## Recorded information
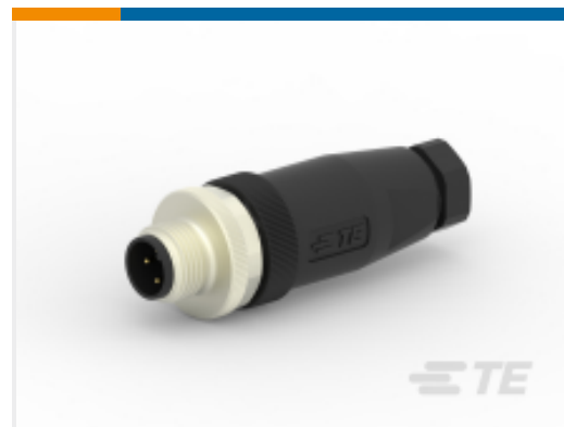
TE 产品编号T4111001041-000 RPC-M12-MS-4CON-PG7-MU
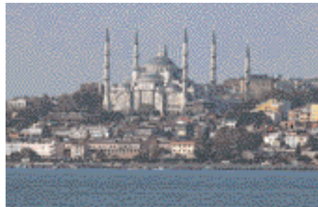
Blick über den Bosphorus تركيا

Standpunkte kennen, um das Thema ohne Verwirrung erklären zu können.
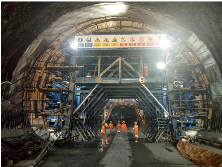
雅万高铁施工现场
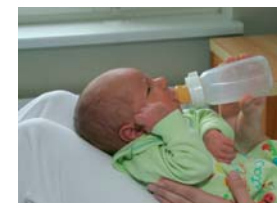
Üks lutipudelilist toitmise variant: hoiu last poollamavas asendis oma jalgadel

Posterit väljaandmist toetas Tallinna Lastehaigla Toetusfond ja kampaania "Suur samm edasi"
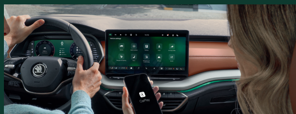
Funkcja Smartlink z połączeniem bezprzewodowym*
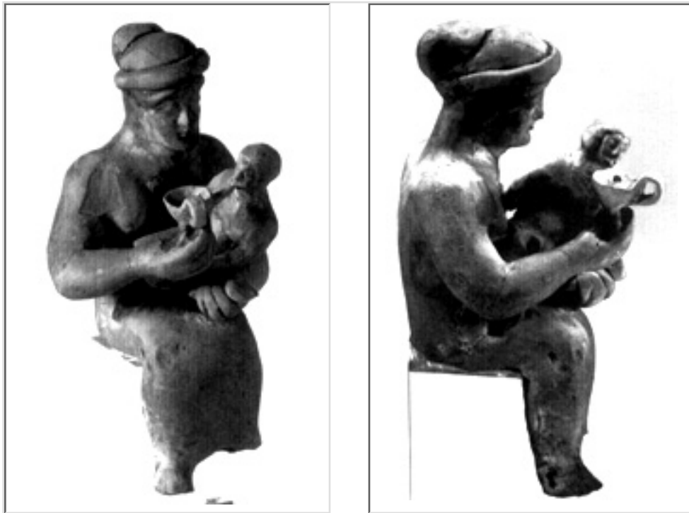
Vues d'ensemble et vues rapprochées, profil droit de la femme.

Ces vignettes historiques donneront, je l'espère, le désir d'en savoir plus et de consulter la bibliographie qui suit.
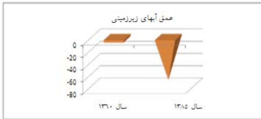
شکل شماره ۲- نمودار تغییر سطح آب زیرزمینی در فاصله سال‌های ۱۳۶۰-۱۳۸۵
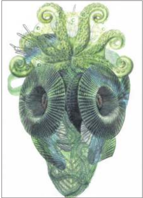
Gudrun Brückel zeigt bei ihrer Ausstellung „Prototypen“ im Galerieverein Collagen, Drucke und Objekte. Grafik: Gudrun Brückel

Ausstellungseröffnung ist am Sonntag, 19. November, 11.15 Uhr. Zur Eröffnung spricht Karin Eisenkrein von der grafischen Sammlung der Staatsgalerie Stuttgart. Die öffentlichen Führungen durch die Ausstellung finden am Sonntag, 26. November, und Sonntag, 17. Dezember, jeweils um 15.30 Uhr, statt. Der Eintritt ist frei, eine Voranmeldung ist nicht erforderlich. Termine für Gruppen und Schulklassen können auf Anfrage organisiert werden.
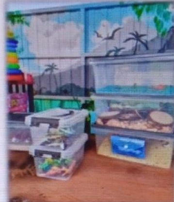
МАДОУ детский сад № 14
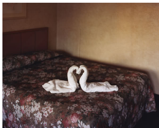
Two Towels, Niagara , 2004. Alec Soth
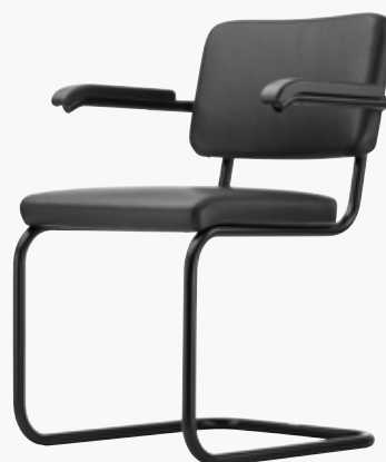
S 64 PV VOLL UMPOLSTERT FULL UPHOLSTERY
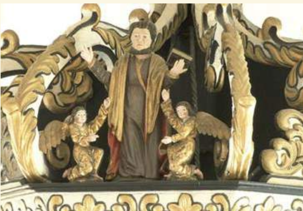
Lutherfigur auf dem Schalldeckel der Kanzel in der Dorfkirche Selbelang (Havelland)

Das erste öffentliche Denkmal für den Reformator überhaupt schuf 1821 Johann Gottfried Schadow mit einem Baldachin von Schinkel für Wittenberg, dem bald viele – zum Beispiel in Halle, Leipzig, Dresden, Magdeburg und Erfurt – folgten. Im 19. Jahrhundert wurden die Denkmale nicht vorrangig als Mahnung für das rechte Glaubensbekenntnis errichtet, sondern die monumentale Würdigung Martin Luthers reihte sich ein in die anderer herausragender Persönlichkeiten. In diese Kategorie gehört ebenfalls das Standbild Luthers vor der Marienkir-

## Aim of the task
Which of the lines in the material carry the string "Ausstellung"? Pull them out.

## Answer box
Gudrun Brückel zeigt bei ihrer Ausstellung „Prototypen“ im Galerieverein Collagen, Drucke und Objekte. Grafik: Gudrun Brückel
Ausstellungseröffnung ist am Sonntag, 19. November, 11.15 Uhr. Zur Eröffnung spricht Karin Eisenkrein von der grafischen Sammlung der Staatsgalerie Stuttgart. Die öffentlichen Führungen durch die Ausstellung finden am Sonntag, 26. November, und Sonntag, 17. Dezember, jeweils um 15.30 Uhr, statt. Der Eintritt ist frei, eine Voranmeldung ist nicht erforderlich. Termine für Gruppen und Schulklassen können auf Anfrage organisiert werden.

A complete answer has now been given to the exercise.